## What to produce
Below are some records. Print exactly the lines between the one holding "Bershka نحيف أعلى" and the one holding "2020年12月2日晚上7点", inclusive, and nothing else.

## Data to examine
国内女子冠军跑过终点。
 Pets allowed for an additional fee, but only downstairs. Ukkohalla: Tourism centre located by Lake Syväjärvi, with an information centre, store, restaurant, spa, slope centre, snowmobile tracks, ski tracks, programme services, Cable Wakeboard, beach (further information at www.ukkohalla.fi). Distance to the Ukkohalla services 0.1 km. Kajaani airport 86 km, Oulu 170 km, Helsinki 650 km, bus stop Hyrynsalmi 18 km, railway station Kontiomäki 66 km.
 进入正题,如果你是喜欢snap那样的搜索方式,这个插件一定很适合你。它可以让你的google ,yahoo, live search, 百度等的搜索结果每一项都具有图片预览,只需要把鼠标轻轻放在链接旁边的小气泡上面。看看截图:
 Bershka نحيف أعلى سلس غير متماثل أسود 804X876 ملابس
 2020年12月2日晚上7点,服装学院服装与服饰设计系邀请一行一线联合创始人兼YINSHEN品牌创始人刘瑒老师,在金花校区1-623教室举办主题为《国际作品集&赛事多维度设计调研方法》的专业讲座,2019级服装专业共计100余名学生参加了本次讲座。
==
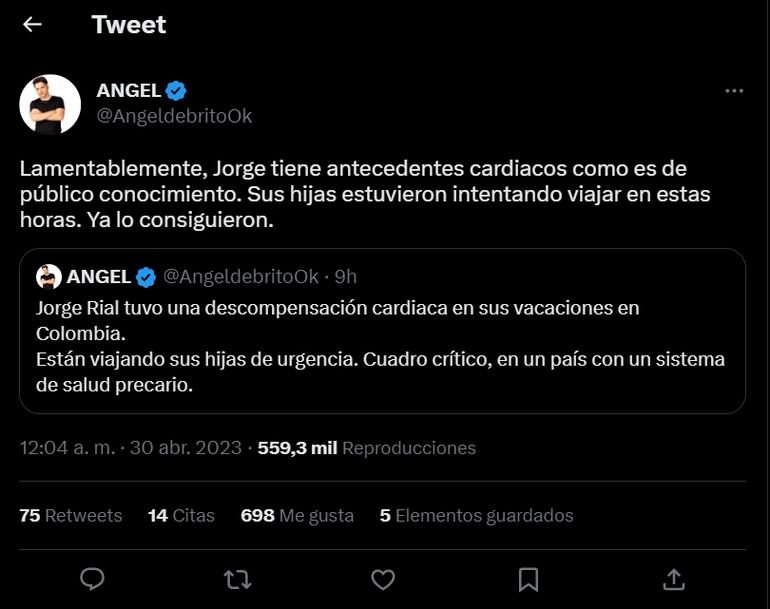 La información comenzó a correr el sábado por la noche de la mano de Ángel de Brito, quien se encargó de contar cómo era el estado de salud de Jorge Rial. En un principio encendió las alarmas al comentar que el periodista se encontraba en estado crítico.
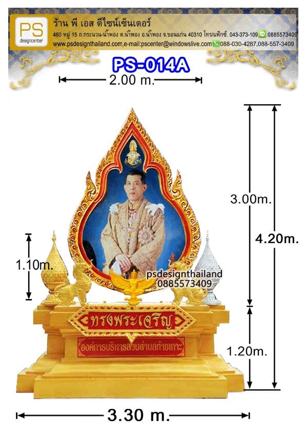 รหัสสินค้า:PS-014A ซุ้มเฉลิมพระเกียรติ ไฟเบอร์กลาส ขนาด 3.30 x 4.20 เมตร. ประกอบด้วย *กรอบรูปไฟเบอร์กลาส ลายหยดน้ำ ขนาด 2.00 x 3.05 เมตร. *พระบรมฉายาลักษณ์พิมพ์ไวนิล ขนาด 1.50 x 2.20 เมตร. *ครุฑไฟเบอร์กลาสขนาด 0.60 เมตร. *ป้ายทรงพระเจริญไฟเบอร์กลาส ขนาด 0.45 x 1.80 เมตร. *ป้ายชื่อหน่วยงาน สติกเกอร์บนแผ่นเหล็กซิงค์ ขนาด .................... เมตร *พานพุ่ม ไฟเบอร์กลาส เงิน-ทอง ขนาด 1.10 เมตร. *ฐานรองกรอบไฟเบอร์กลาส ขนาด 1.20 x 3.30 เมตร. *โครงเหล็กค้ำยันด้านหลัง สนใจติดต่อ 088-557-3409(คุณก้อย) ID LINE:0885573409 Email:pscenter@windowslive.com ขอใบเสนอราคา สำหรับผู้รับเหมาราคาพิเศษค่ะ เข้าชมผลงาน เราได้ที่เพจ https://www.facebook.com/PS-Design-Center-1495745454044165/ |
==
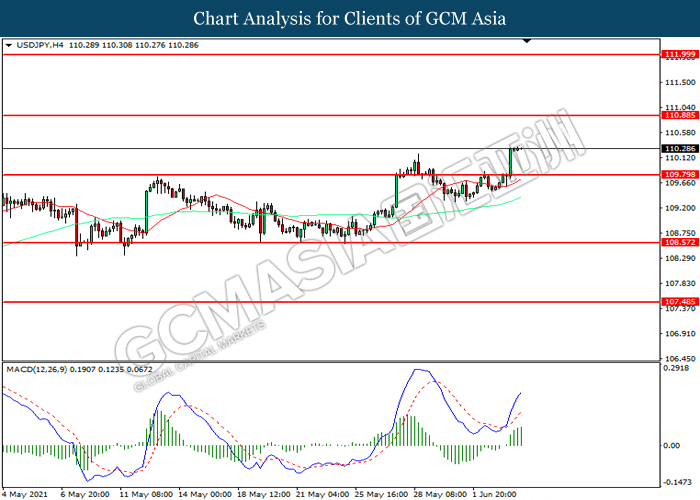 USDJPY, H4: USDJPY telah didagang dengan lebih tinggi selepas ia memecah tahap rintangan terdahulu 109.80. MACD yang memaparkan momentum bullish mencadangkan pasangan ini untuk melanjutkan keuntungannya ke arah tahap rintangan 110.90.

## Result of the task
 Bershka نحيف أعلى سلس غير متماثل أسود 804X876 ملابس
 2020年12月2日晚上7点,服装学院服装与服饰设计系邀请一行一线联合创始人兼YINSHEN品牌创始人刘瑒老师,在金花校区1-623教室举办主题为《国际作品集&赛事多维度设计调研方法》的专业讲座,2019级服装专业共计100余名学生参加了本次讲座。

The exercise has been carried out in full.